◆ RECORDS SHOWN
***

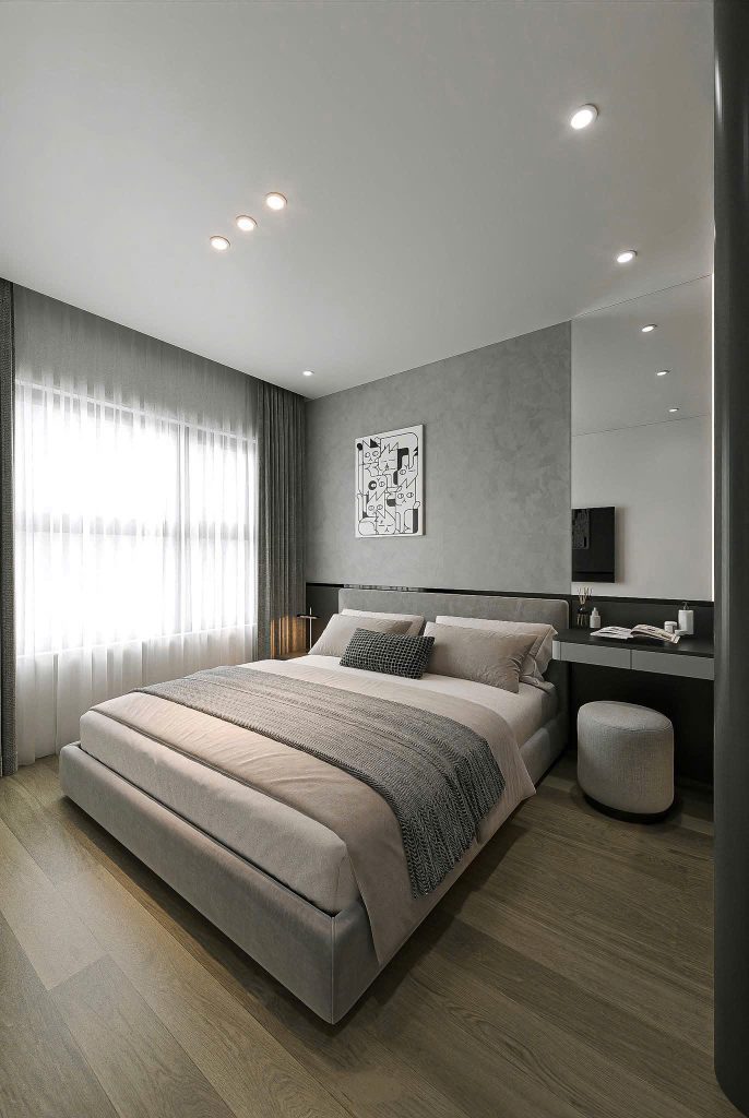 - Thiết kế hiện đại, đường nét tinh giản với gam màu xám trầm chủ đạo, mang đến cảm giác ấm áp và sang trọng.
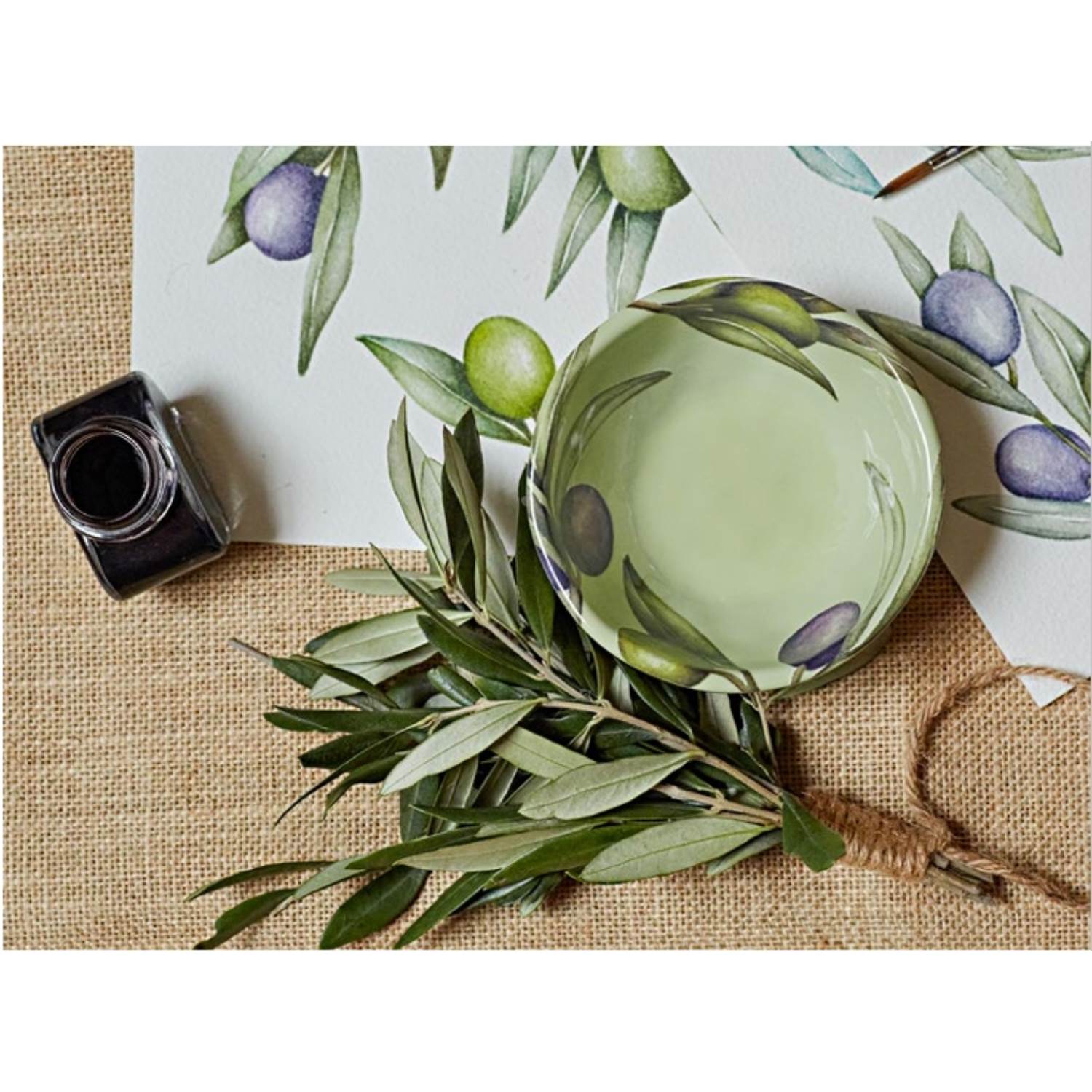 Un acquerello realizzato a mano porta in tavola tutto il sapore iconico del Mediterraneo. Foglie e frutti d’ulivo abbracciano ogni creazione in melamina, dando luogo ad un ritmo sempreverde. Per una tavola distintiva, da vivere anche in outdoor.
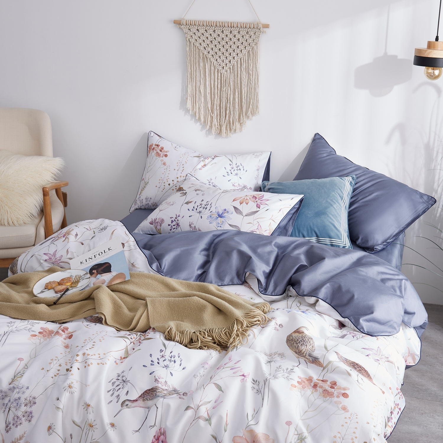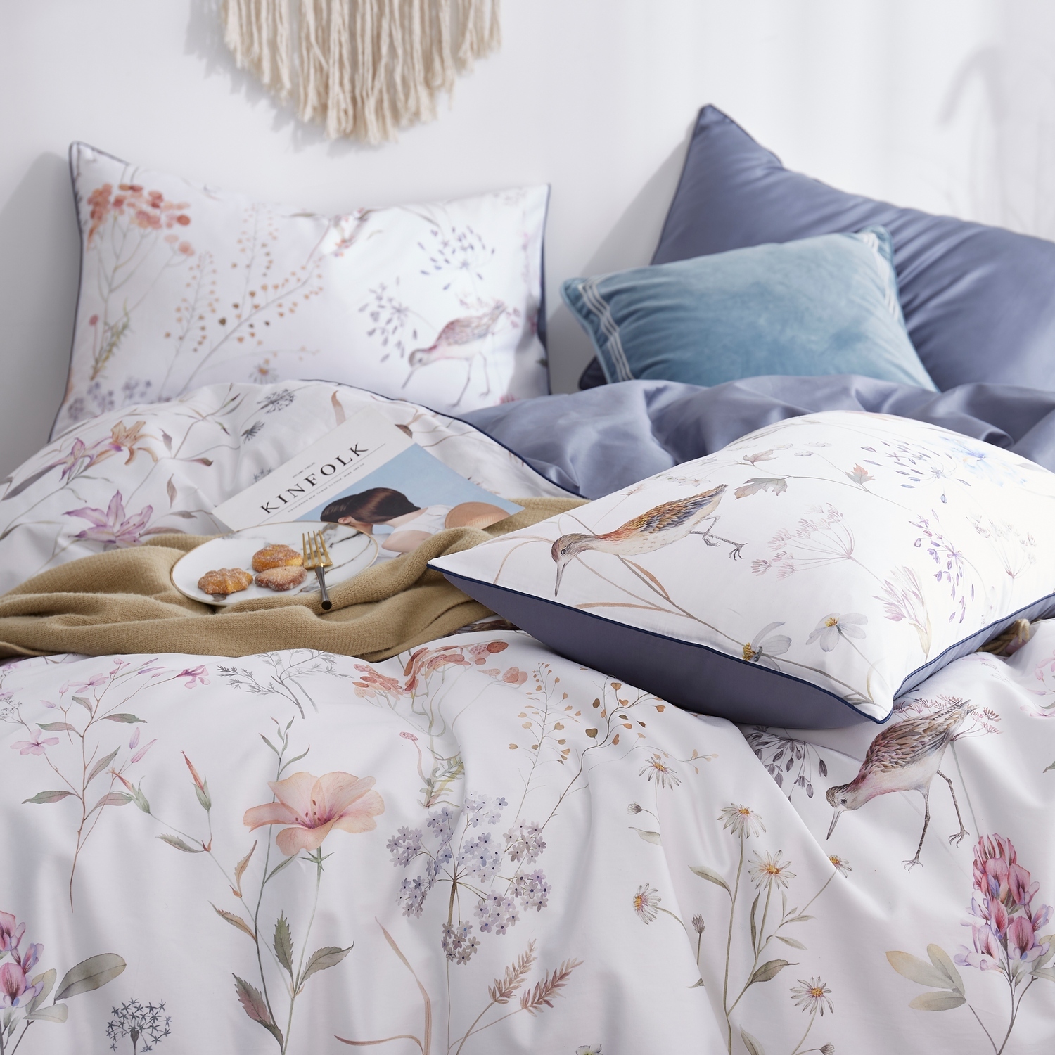 Ткань компаньон: Наволочки 50*70 с разных сторон разной расцветки, наволочки 70*70 однотонные в цвет простыни, пододеяльник с разных сторон разного цвета, простыня однотонная такого же цвета, как низ пододеяльника.
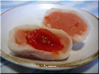 大福は固体、まんじゅうは餡と一体。えぇ、「トマト味」です( ̄ー
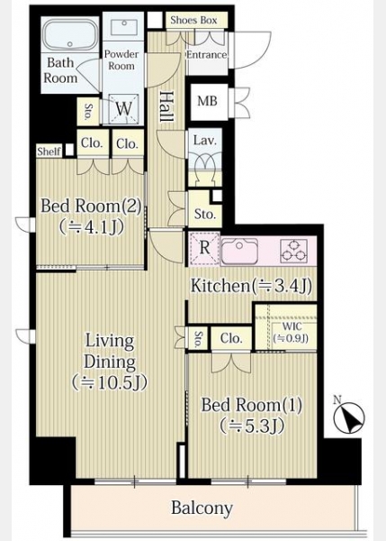 | 間取り | 2LDK | 専有面積 | 57.34m² | ||
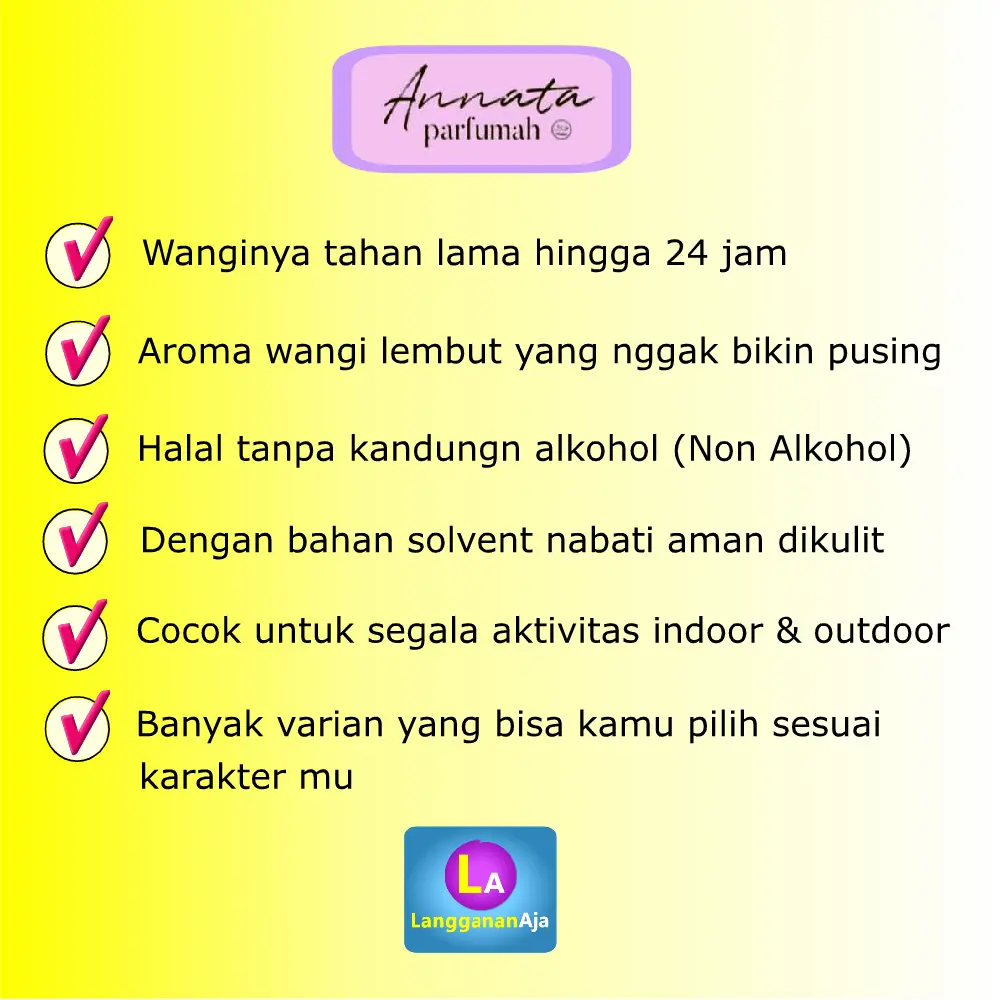 Annata Parfumah menghadirkan rangkaian parfum HALAL menggunakan bahan solvent nabati tanpa alkohol (Alcohol free) jadi aman untuk sholat dan telah terdaftar & ijin BPOM. Annata Parfumah adalah jenis "Extrait De Parfume" daya tahan wanginya 24 jam.
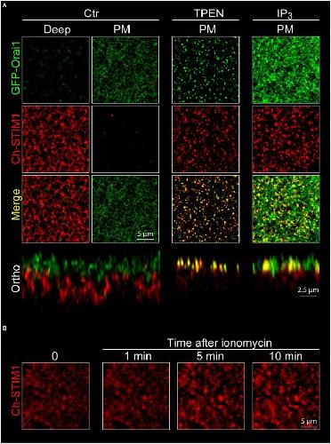 Figure 4. Confocal imaging of STIM1 and Orai1 in Xenopus oocytes. (A) Confocal z-stacks are obtained from oocytes overexpressing mCherry tagged STIM1 (Ch-STIM1) and GFP-Orai1. The pinhole aperture is set to 1 Airy unit and the images are taken every 0.5 μm. Two selected planes are illustrated, the Plasma Membrane (defined as the maximum expression level of GFP-Orai1) and the intracellular/ER compartment (Deep) approximately 10 μm deep in the cell and at the maximum of Ch-STIM1 expression in control conditions (Ctr). Treatment of the cells with TPEN (5 mM, 10 min), IP3 (2.5 μM final) induces the translocation of Ch-STIM1 to the plasma membrane and the co-clustering of the proteins, visible as dense yellow dots in the merged images. Below each panel (Ctr and TPEN) is an orthogonal reconstitution (Ortho) of a plane perpendicular to the membrane illustrating the distribution of both proteins across the z-axis. (B) Timeline of the formation of Ch-STIM1 clusters following application of ionomycin (10 μM). The images are captures using an open pinhole aperture on the confocal to compensate for the vertical movement of STIM1.
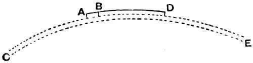 Suppose a thread to be passed through a thin sheet of wax placed horizontally. It can be passed through in two 19 ways. Either it can be pulled through, or it can be held at both ends, and moved downwards as a whole. Suppose a thread to be grasped at both ends, and the hands to be moved downwards perpendicularly to the sheet of wax. If the thread happens to be perpendicular to the sheet it simply passes through it, but if the thread be held, stretched slantingwise to the sheet, and the hands are moved perpendicularly downwards, the thread will, if it be strong enough, make a slit in the sheet.

***

◆ WHAT TO DO
Only the records are wanted, copied exactly, with the pictures dropped.

◆ TASK ANSWER
 - Thiết kế hiện đại, đường nét tinh giản với gam màu xám trầm chủ đạo, mang đến cảm giác ấm áp và sang trọng.
 Un acquerello realizzato a mano porta in tavola tutto il sapore iconico del Mediterraneo. Foglie e frutti d’ulivo abbracciano ogni creazione in melamina, dando luogo ad un ritmo sempreverde. Per una tavola distintiva, da vivere anche in outdoor.
 Ткань компаньон: Наволочки 50*70 с разных сторон разной расцветки, наволочки 70*70 однотонные в цвет простыни, пододеяльник с разных сторон разного цвета, простыня однотонная такого же цвета, как низ пододеяльника.
 大福は固体、まんじゅうは餡と一体。えぇ、「トマト味」です( ̄ー
 | 間取り | 2LDK | 専有面積 | 57.34m² | ||
 Annata Parfumah menghadirkan rangkaian parfum HALAL menggunakan bahan solvent nabati tanpa alkohol (Alcohol free) jadi aman untuk sholat dan telah terdaftar & ijin BPOM. Annata Parfumah adalah jenis "Extrait De Parfume" daya tahan wanginya 24 jam.
 Figure 4. Confocal imaging of STIM1 and Orai1 in Xenopus oocytes. (A) Confocal z-stacks are obtained from oocytes overexpressing mCherry tagged STIM1 (Ch-STIM1) and GFP-Orai1. The pinhole aperture is set to 1 Airy unit and the images are taken every 0.5 μm. Two selected planes are illustrated, the Plasma Membrane (defined as the maximum expression level of GFP-Orai1) and the intracellular/ER compartment (Deep) approximately 10 μm deep in the cell and at the maximum of Ch-STIM1 expression in control conditions (Ctr). Treatment of the cells with TPEN (5 mM, 10 min), IP3 (2.5 μM final) induces the translocation of Ch-STIM1 to the plasma membrane and the co-clustering of the proteins, visible as dense yellow dots in the merged images. Below each panel (Ctr and TPEN) is an orthogonal reconstitution (Ortho) of a plane perpendicular to the membrane illustrating the distribution of both proteins across the z-axis. (B) Timeline of the formation of Ch-STIM1 clusters following application of ionomycin (10 μM). The images are captures using an open pinhole aperture on the confocal to compensate for the vertical movement of STIM1.
 Suppose a thread to be passed through a thin sheet of wax placed horizontally. It can be passed through in two 19 ways. Either it can be pulled through, or it can be held at both ends, and moved downwards as a whole. Suppose a thread to be grasped at both ends, and the hands to be moved downwards perpendicularly to the sheet of wax. If the thread happens to be perpendicular to the sheet it simply passes through it, but if the thread be held, stretched slantingwise to the sheet, and the hands are moved perpendicularly downwards, the thread will, if it be strong enough, make a slit in the sheet.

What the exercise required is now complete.